Quote:
Originally Posted by Gregory Illinivich
And what is that? You've been ascribing various characteristics to religion and belief that myself, Craig and rivertown don't recognize or acknowledge.
No idea if you're a fan of The Lord of the Rings, but there's this outstanding lecture series on J. R. R. Tolkien and C. S. Lewis. This specific episode seems worth sharing for a few reasons: you've trivialized the value of stories and myths, defended rationalism and purchased Chesterton's Orthodoxy. It's a 26 minute watch, so I definitely understand if you don't want to dedicate the time to it, but it is worth checking out.
https://www.youtube.com/watch?v=McnaNqj_vA4
Religion is generally a bunch of just-so stories that are attempts to account for origins, purpose, morality, and above all, to defend against anxiety of not actually knowing, generally invoking supernatural beings and powers in so doing. So when we have a perfectly pat, omniscient, unchangeable, authoritarian source, voila, all uncertainty just vanished at the conscious level.

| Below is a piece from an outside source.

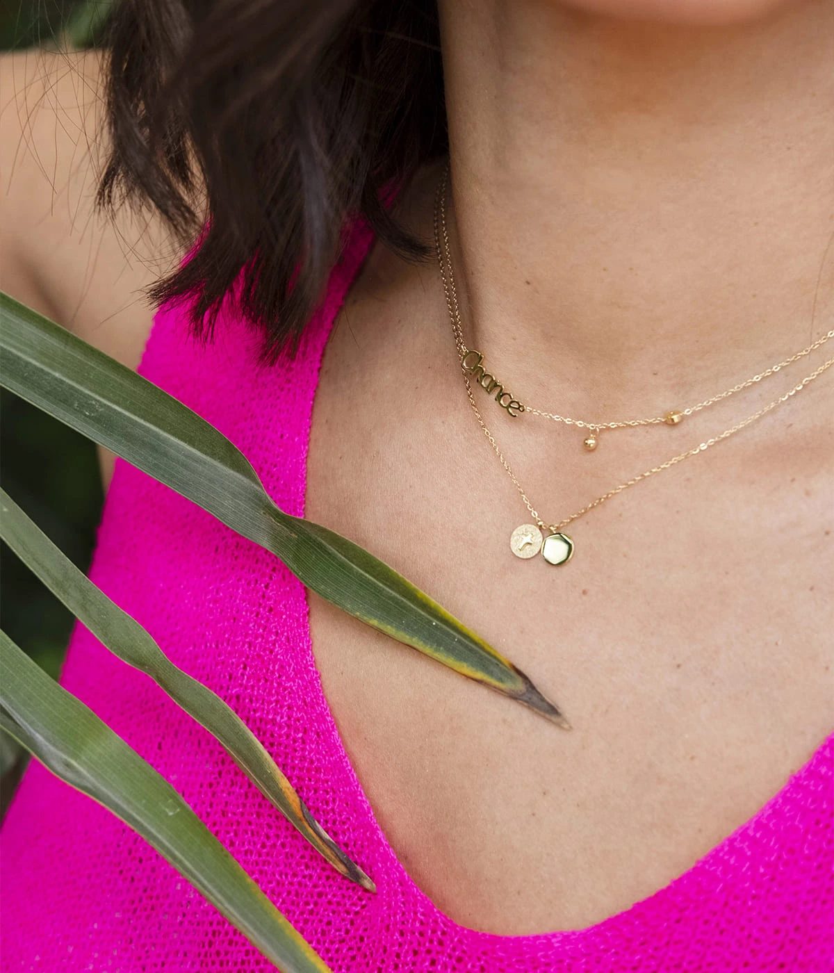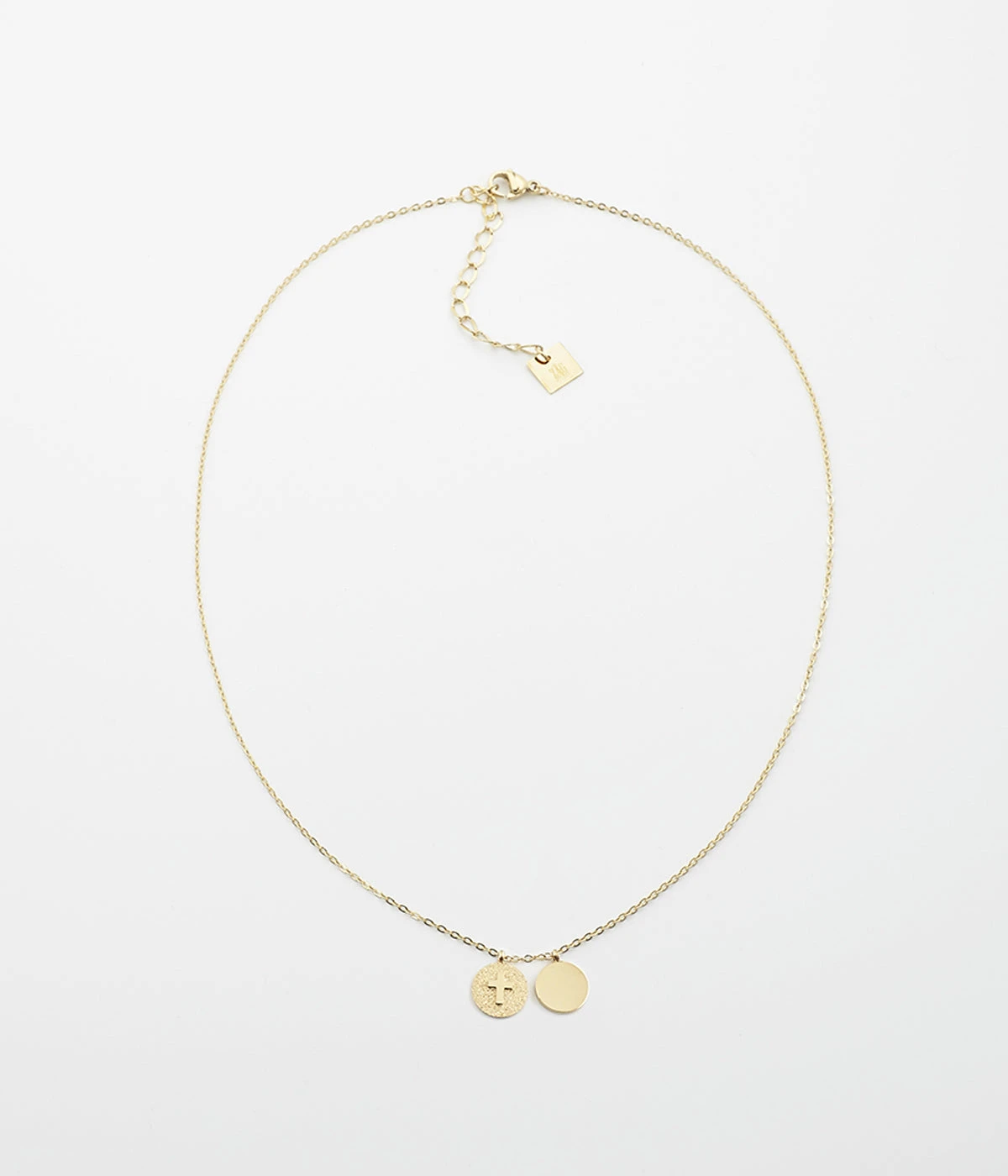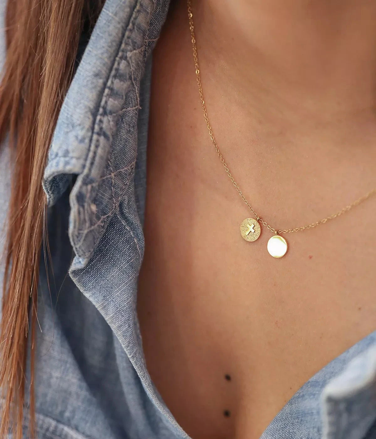 Collier chaîne en acier doré à l’or fin sur lequel sont attachées deux petites médailles, l’une avec un motif croix sur fond martelé, et l’autre, lisse et pure.

But the actual anxiety rages in the subconscious, making the conscious claims all the more vehement and cocksure.
Ask a zealot about The Great Mystery, and he has the stone cold answer. He got it from the first century, or the Aztecs, or Muhammad, or a teepee on the American planes, or western New York in the 1820s, or any cult leader will do. This is the religious impulse -- a superstitious bluff that we know, pre-science, sans science, sans any evidence or reason. Other than the reason, of course, of indoctrination, tribalism, and the need to convince oneself that they know, that they are the ones in the right holy club.
I haven't trivialized fiction. It can be put to great use as long as one is distinguishing story and fable from history and reality. I've read TLOTR pretty much as a favor to a friend who is a huge Tolkien fan. I liked "The Hobbit" much better; the writing was more delightful and enchanted, by far. And I've studied in depth Bruno Bettelheim's "The Uses of Enchantment." I reread Lewis' LW&W just a week ago. So my question to you is:
Are the Bible stories the same "magical world" (the lecturer's term) that Tolkien and Lewis' stories are?
You are of a mind with the lecturer, Ryan Reeves ... in his camp, so to speak?